**What is required:** Retype the material that follows exactly, limited to the lines from the one with "がん保険の保障内容で重視した" through the one with "为深化校地合作,赋能基层治理", and keep out all pictures.

**Records shown:**
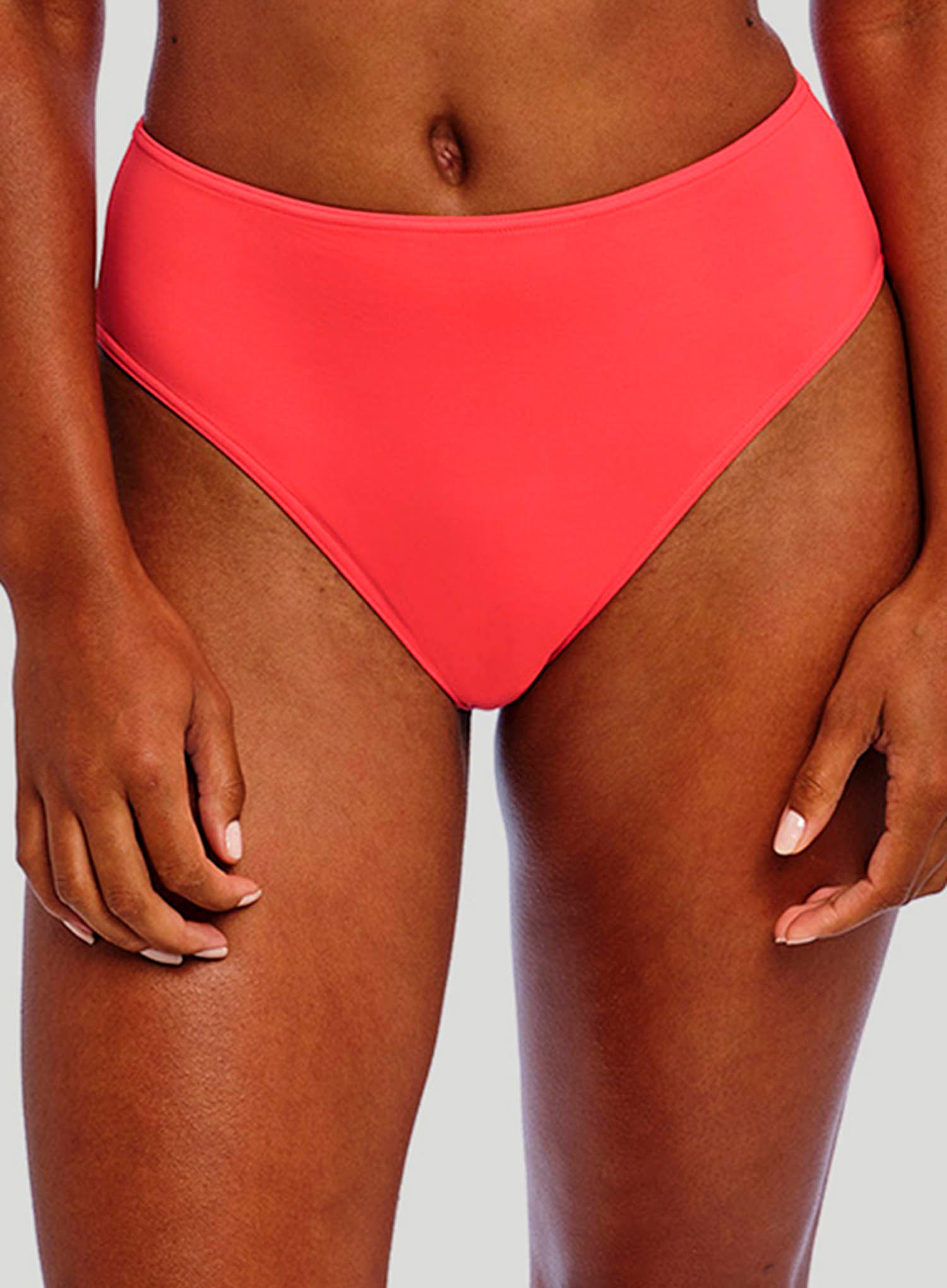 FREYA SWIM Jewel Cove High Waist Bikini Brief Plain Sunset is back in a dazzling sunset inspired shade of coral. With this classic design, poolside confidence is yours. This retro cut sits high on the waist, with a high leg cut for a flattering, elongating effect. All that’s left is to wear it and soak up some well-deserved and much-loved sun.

==

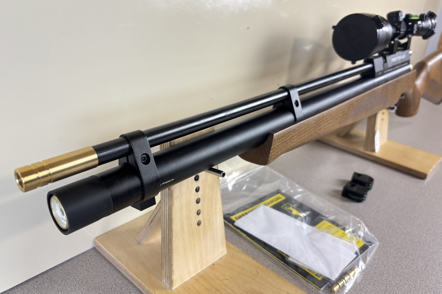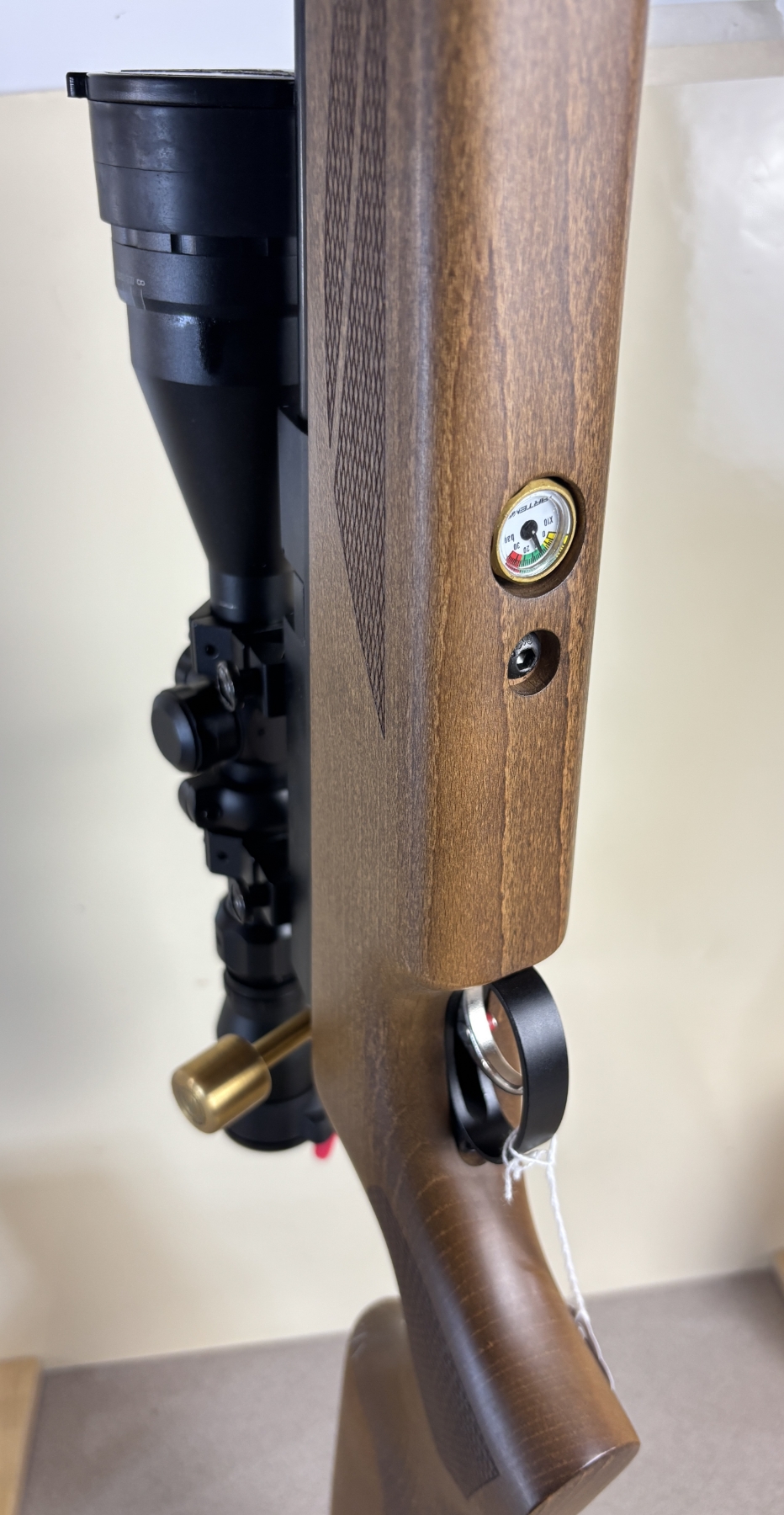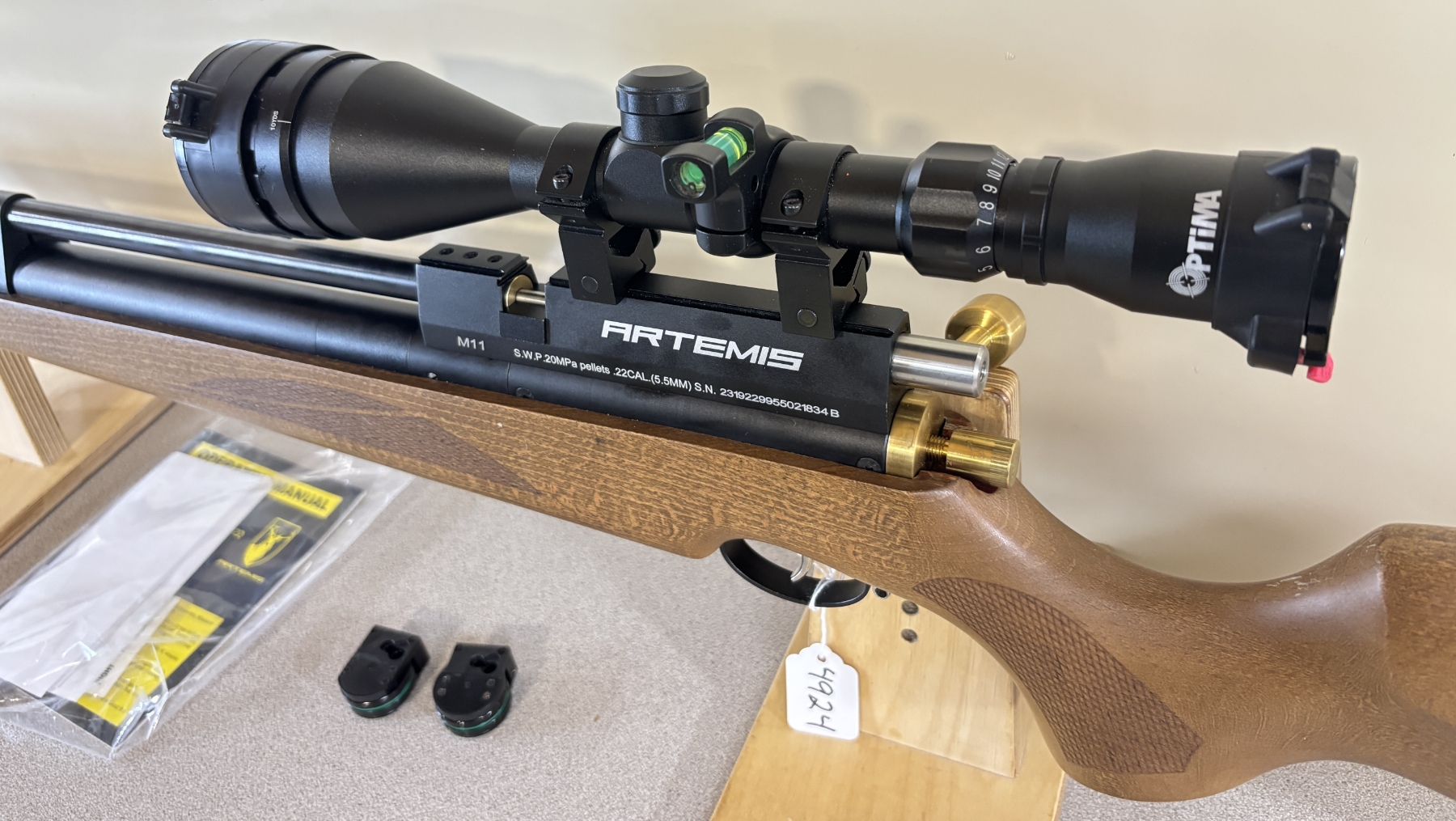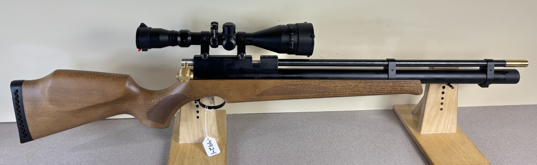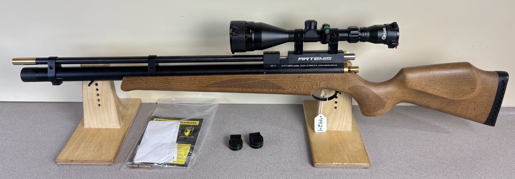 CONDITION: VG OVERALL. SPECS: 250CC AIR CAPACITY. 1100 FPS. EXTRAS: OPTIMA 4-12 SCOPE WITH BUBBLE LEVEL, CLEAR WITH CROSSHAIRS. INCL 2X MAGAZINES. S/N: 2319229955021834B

* * *

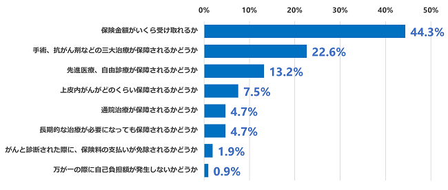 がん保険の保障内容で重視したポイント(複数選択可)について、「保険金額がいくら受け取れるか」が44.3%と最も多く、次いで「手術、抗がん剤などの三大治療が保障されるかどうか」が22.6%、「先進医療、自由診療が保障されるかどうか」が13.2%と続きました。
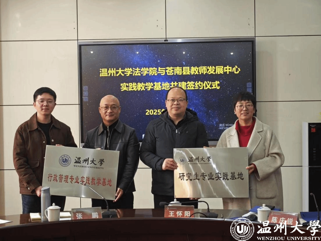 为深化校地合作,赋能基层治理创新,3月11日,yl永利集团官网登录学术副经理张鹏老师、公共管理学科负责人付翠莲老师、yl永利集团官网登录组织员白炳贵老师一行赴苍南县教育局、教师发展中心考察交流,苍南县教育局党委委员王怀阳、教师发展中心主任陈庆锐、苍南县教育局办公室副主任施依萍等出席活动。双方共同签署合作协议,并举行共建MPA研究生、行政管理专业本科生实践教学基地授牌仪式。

**Answer to this task:**
 がん保険の保障内容で重視したポイント(複数選択可)について、「保険金額がいくら受け取れるか」が44.3%と最も多く、次いで「手術、抗がん剤などの三大治療が保障されるかどうか」が22.6%、「先進医療、自由診療が保障されるかどうか」が13.2%と続きました。
 为深化校地合作,赋能基层治理创新,3月11日,yl永利集团官网登录学术副经理张鹏老师、公共管理学科负责人付翠莲老师、yl永利集团官网登录组织员白炳贵老师一行赴苍南县教育局、教师发展中心考察交流,苍南县教育局党委委员王怀阳、教师发展中心主任陈庆锐、苍南县教育局办公室副主任施依萍等出席活动。双方共同签署合作协议,并举行共建MPA研究生、行政管理专业本科生实践教学基地授牌仪式。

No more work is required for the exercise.